Sırât-ı Müstakîm ve İSTİKAMET SAHİBİ OLAN KİMSELER

YAZAR : Yard. Doç. Dr. Harun ÖĞMÜŞ ogmusharun@yahoo.com

İstikamet; «kalkmak, dikilip ayakta durmak» mânâsındaki «kāme» kökünden gelmektedir. «Boy-bos, endam» demek olan «kāmet» kelimesi de aynı kökten gelir. Çünkü boy-bos, ancak kişinin ayağa kalkıp boyunun uzunluğunu görenlere arz ettiğinde müşâhede edilebilir.

İstikamet, lügatte; «dosdoğru olmak, sağa-sola eğrilmemek» mânâsını ifade eder. İslâm’ın ilke ve prensiplerini sıkı bir şekilde takip etme anlamında kullanılması; Besâiru Zevi’t-Temyîz müellifi Fîrûzâbâdî’nin (ö. 817) belirttiği gibi, dümdüz bir çizgi hâlinde devam eden bir yolda yürümeye benzetilmesi sebebiyledir.
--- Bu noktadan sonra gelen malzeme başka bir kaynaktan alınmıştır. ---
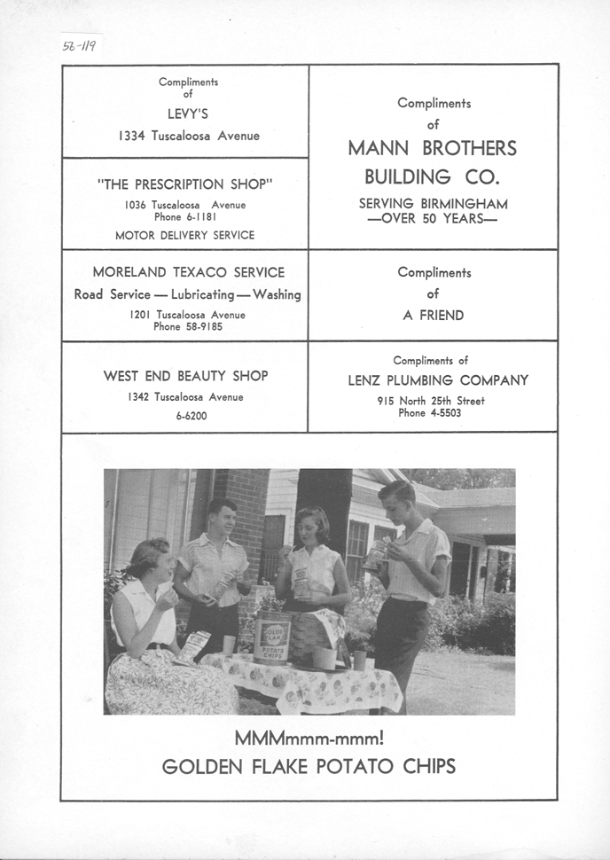 - Students eating Golden Blake Potato Chips (Unidentified, Charles Carpenter, Anne Shipp, Jimmy Satterfield) (56-119)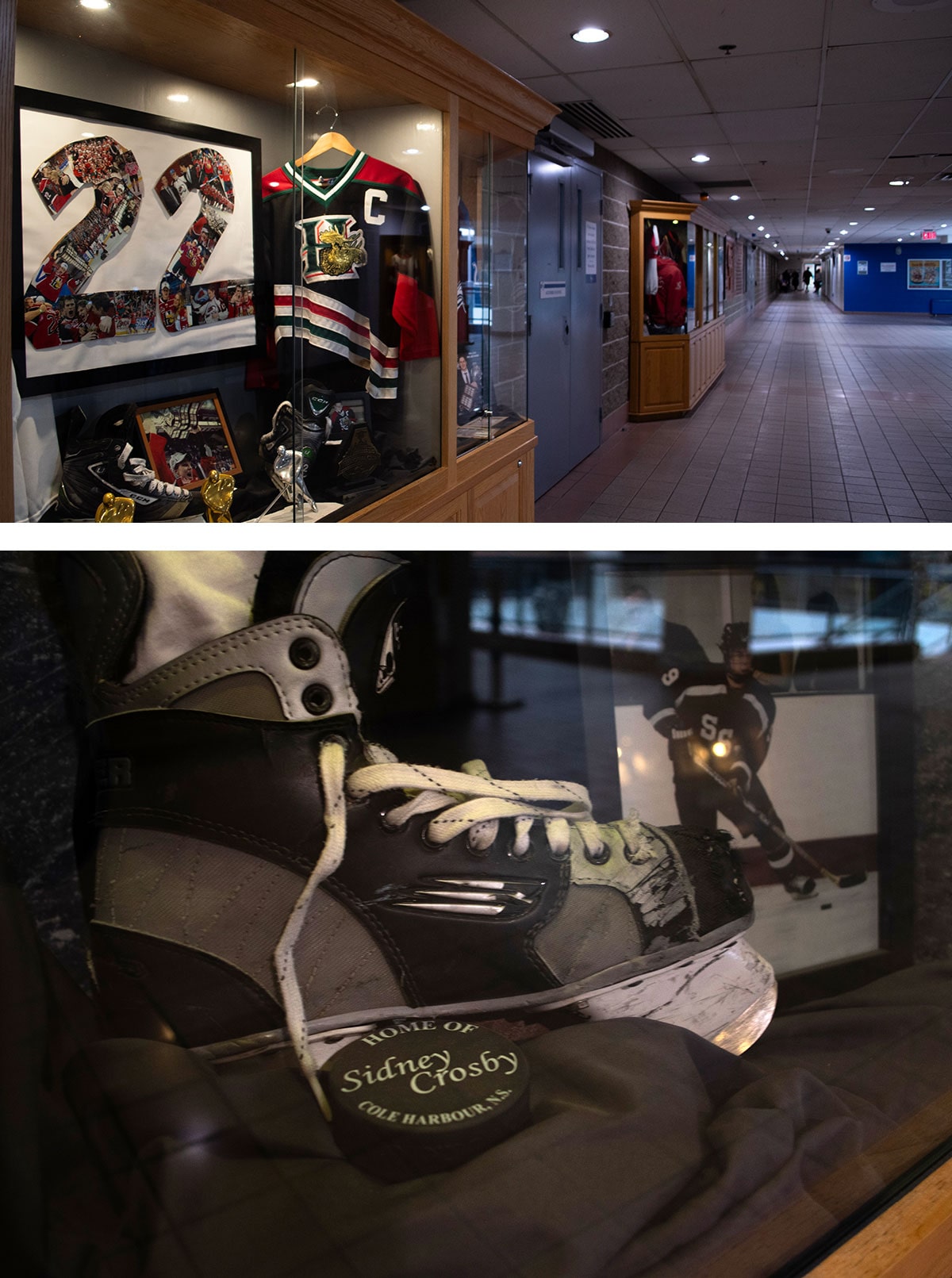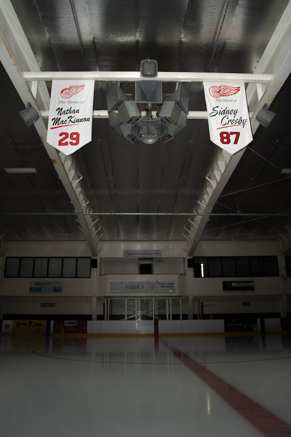 Banners hang from the rafters of Cole Harbour Place, signifying Crosby and MacKinnon’s time playing there.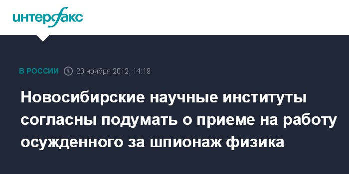 Новосибирские научные институты согласны подумать о приеме на работу осужденного за шпионаж физика

İstikamet kelimesi; Kur’ân-ı Kerim’de 10 defa fiil formunda, 37 defa da ism-i fâil (etken ortaç) formunda kullanılmıştır.

“İstikamet sahibi kimseler için korku ve üzüntü mevzubahis değildir.” (el-Ahkâf, 46/13) “Melekler onlara muştularla iner ve; onlara;

«Korkmayın, üzülmeyin, size va‘dolunan cennetle sevinin!» derler. «Biz dünya hayatında da, âhirette de sizin dostlarınızız. Gafûr ve Rahîm olan Allâh’ın ikramı olarak orada sizin için canlarınızın çektiği her şey var ve istediğiniz her şey orada sizin için hazırdır.»” (Fussılet, 41/30-32)

Taberî Tefsiri’nde seleften yapılan nakillere göre melekler, bu sevindirici haberleri o kimselerin ölmek üzere bulundukları anda verirler.

İstikametin öncelikli şartı tevhid ve kelime-i şahâdette sebat etmek, sonra her türlü ifrat ve tefritten uzak bir şekilde; “Sizi mûtedil bir ümmet kıldık.” (el-Bakara, 2/143) âyeti fehvâsınca mûtedil bir hayat sürmektir.1 Bu sebeple Kur’ân-ı Kerim’de iki âyette «terazi» mânâsındaki «kıstas» kelimesi «müstakîm» sıfatıyla birlikte kullanılmıştır. (el-İsrâ, 17/35; eş-Şuarâ, 26/182)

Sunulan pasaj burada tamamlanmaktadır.